■ **YOUR TASK**:
Transcribe, starting at the line with "Os policiais militares" and ending at the line with "Ein Maler an", every line of the material below exactly, but leave out the pictures and anything outside that span.

■ **DATA UNDER STUDY**:
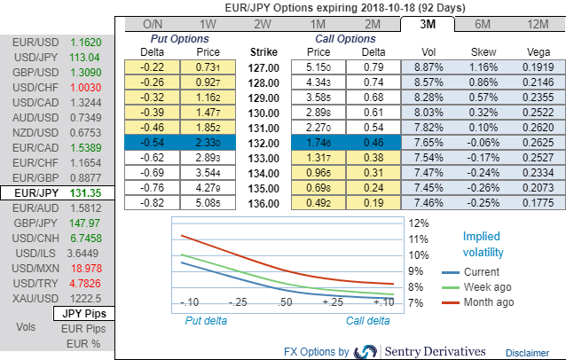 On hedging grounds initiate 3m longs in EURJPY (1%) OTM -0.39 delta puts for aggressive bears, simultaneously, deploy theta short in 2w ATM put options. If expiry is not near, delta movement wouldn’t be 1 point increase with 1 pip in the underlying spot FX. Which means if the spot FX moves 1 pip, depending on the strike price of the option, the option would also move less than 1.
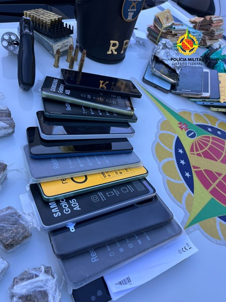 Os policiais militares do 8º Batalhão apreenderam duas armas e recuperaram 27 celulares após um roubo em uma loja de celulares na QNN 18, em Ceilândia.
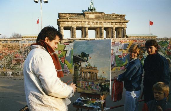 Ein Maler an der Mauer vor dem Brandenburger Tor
...
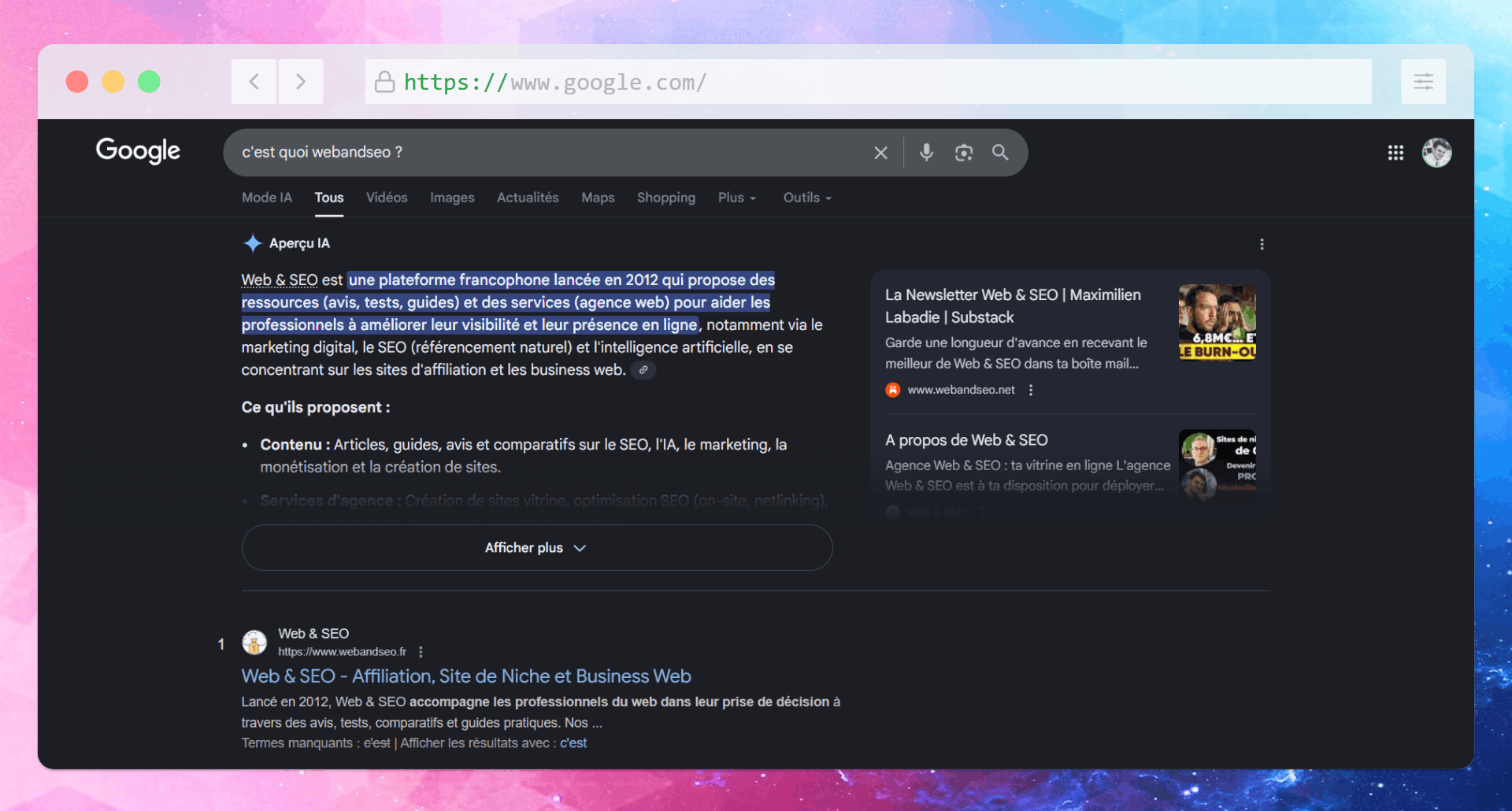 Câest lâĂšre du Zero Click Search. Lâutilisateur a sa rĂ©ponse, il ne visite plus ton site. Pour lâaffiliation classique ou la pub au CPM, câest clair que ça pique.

■ **ANSWER TO THE PROBLEM**:
 Os policiais militares do 8º Batalhão apreenderam duas armas e recuperaram 27 celulares após um roubo em uma loja de celulares na QNN 18, em Ceilândia.
 Ein Maler an der Mauer vor dem Brandenburger Tor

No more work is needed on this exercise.